3.4 Fabrication and physical properties of hybrid scaffold
3.4.1 The microstructure of PCL, PCL/SilMA, SilMA, SilMA/BMSCs
As the previous study, the crisscross structure of PCL scaffold forms the pore designs (Fig. 7a). It is widely known that inter-connected pore networks of a biological scaffold is a critical index affecting cell adhesion, proliferation and differentiation. SilMA hydrogel possessed highly 3D porous structure with moderate thickening of the hole wall (Fig. 7d, e). Compared with the surface of PCL (Fig. 7b), SilMA hydrogel is glossier (Fig. 7c). The surface of PCL coated with SilMA hydrogel clearly changed under the observation of SEM (Fig. 7f), the pores and gaps were filled with a thin layer of hydrogel, as well as the longitudinal section (Fig. 7g, h). After seeding cells to SilMA hydrogel, the surface was covered with underlying cells, which were mostly flat polygonal or long shuttle shapes (Fig. 7i, j). The cells were distributed in clusters and extended antennae to connect with each other.
3.4.2 Mechanical properties of hybrid scaffold
The morphology of each group was similar and there were no significantly differences in physical measurements between them. With the increase of stretched tension, the native trachea broke at the point of the cartilage rings, and remained in the original structural state. PCL and PCL/SilMA showed segmental changes with the samples were significantly elongated. During the stretched process, the tensile force reached the maximum value when the samples broke. The compression process could continue all the time, so in order to unify the standard, maximum load and elastic modulus were recorded at the 50% of the compression deformation. During three-point bending test, the data were recorded when the samples slided from the fulcrums on both sides. When PCL was coated with SilMA hydrogel, there were certain changes in structure, leading to better mechanical properties.

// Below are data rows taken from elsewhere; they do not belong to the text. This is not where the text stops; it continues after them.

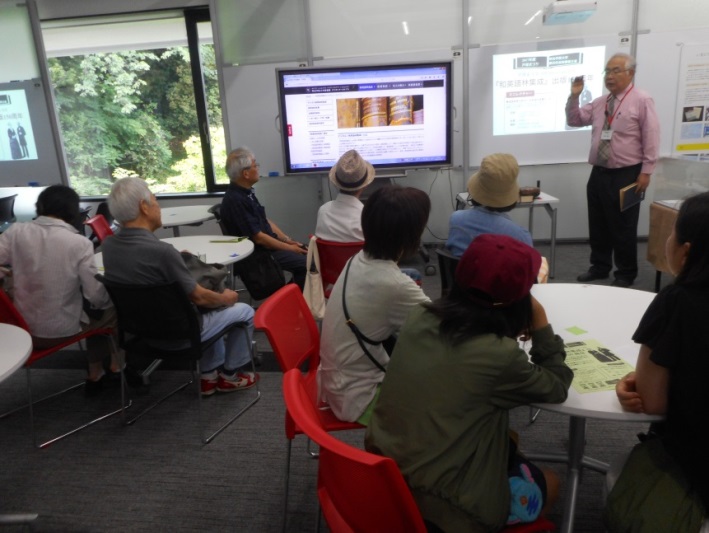 『和英語林集成』150周年展示では、明治学院歴史資料館研究調査員の松岡良樹氏をお招きし、日本における国語辞典の成り立ち、その中でのJ.C.ヘボン編纂『和英語林集成』の存在意義、与えた影響について、当初の予定時間を超えて詳細に語っていただきました。
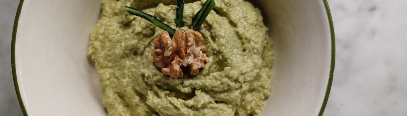 Con un coltello professionale, o in assenza con una mezzaluna, tritare finemente la verdura cotta. Versarla verdura nel recipiente di plastica in dotazione con il frullatore, aggiungere olio evo qb e salare un pochino, se si vuole mettere 1 pomodoro secco. Frullare finché si viene a creare una crema. Se necessario, aggiungere pochissima acqua calda. Aggiungere solo successivamente le noci o le mandorle e azionare il frullatore ad intermittenza in modo tale da mantenere una certa consistenza al palato dei semi oleosi. Assaggiare e regolare di sale. Se si desidera, aggiungere 1/2 cucchiaino di acidulato di umeboshi (in tal caso ricordarsi di mettere meno sale poiché l’acidulato è già di per sé molto salato).
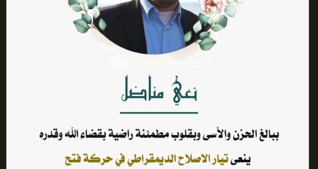 نعى تيار الاصلاح الديمقراطي في حركة فتح محافظة غزة قاطع التفاح والدرج؛ ببالغ اﻷسى والحزن وبقلوب مؤمنه بقضاء الله وقدره د. إياد كرم عضو ساحة غزة؛ الذي وافته المنيه مساء يوم الخميس الموافق 13/08/2020 بعد صراع طويل مع المرض عن عمر يناهز 44 عاما قضاها عاملاً لدينه ووطنه وقضيته في كل مراحل حياته وفِي كل المحافل والمجالات.
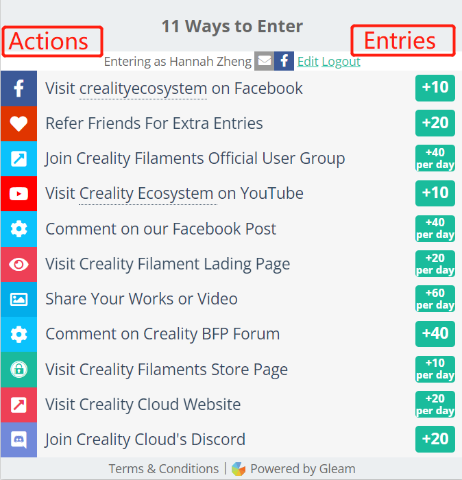 You can complete every action to unlock entries. The more entries you earn, the more chances you win prizes.

3.5 Trachealwindow-shape defect repair in vivo
3.5.1 Intraoperative anastomosis, postoperative examination and specimen acquisition
Last but not the least, this hybrid scaffold was applied to repair rabbit tracheal window-shape defects and seeded them with epithelia, BMSCs and KGN during the operation. As shown in Fig. 9a, the window-shape defect of 5 × 5 mm was established, with excision of two cartilage rings. Then, the hybrid scaffold seeding with epithelia was sutured the defect (Fig. 9b). After that, SilMA solution containing BMSCs and KGN was injected under the UV irradiation in the form of droplets to cover the outer surface of the patch (Fig. 9c).
Six rabbits survived well after the operation. There was slight sputum murmur in the first two days and disappeared from the fifth day. One rabbit died two weeks after operation, and a large amount of pleural effusion was detected through autopsy. Another died more than one month after operation and the other four all survived for two months, without sputum obstruction, stenosis, wheezing, cyanosis or infection. On the 30th and 60th day, X-ray examination demonstrated that there was no obvious stenosis or collapse (Fig. 9d, e). The airway, especially the point where the patch was sutured, was firstly examined via bronchoscopy, prior to acquisition of specimens. The picture of bronchoscopy on the 60th day (Fig. 9f) revealed that the transplantation site was covered with mucosa and maintained complete unobstruction of the lumen. It was consistent with the macroscopic appearance of the specimen, and there was no obvious abscess or necrosis at the patch site (Fig. 9g-i).
3.5.2 H&E staining analysis
H&E staining helped to recognize the transplantation site between the two segments of the cartilage ring of the graft, the morphology and structure of which were intact with few inflammatory cells infiltration. Residual SilMA hydrogel and undegraded PCL were also observed on the outside of the graft, while the continuous epithelial structures were detected from native area to patch site on the inside of the graft (Fig. 10a, c). What is more gratifying and unexpected is that a few vascular-like structures were observed near the repair site (Fig. 10b).
3.5.3 IHC and IF staining analysis
In order to further confirm that the tracheal transplantation site was covered by epithelial cells, IHC and IF staining were performed. IHC staining of CK-18 (Fig. 10d-f), which was specifi­cally expressed by epithelial cells, revealed that the continuous brown-col­ored antigen was expressed on the inner surface of the repair site, which was similar to normal trachea, indicating that the hybrid scaffold has good epithelization performance. Similarly, IF staining of CK-18(Fig. 10g-i), which was expressed by green fluorescence, confirmed the positive result again.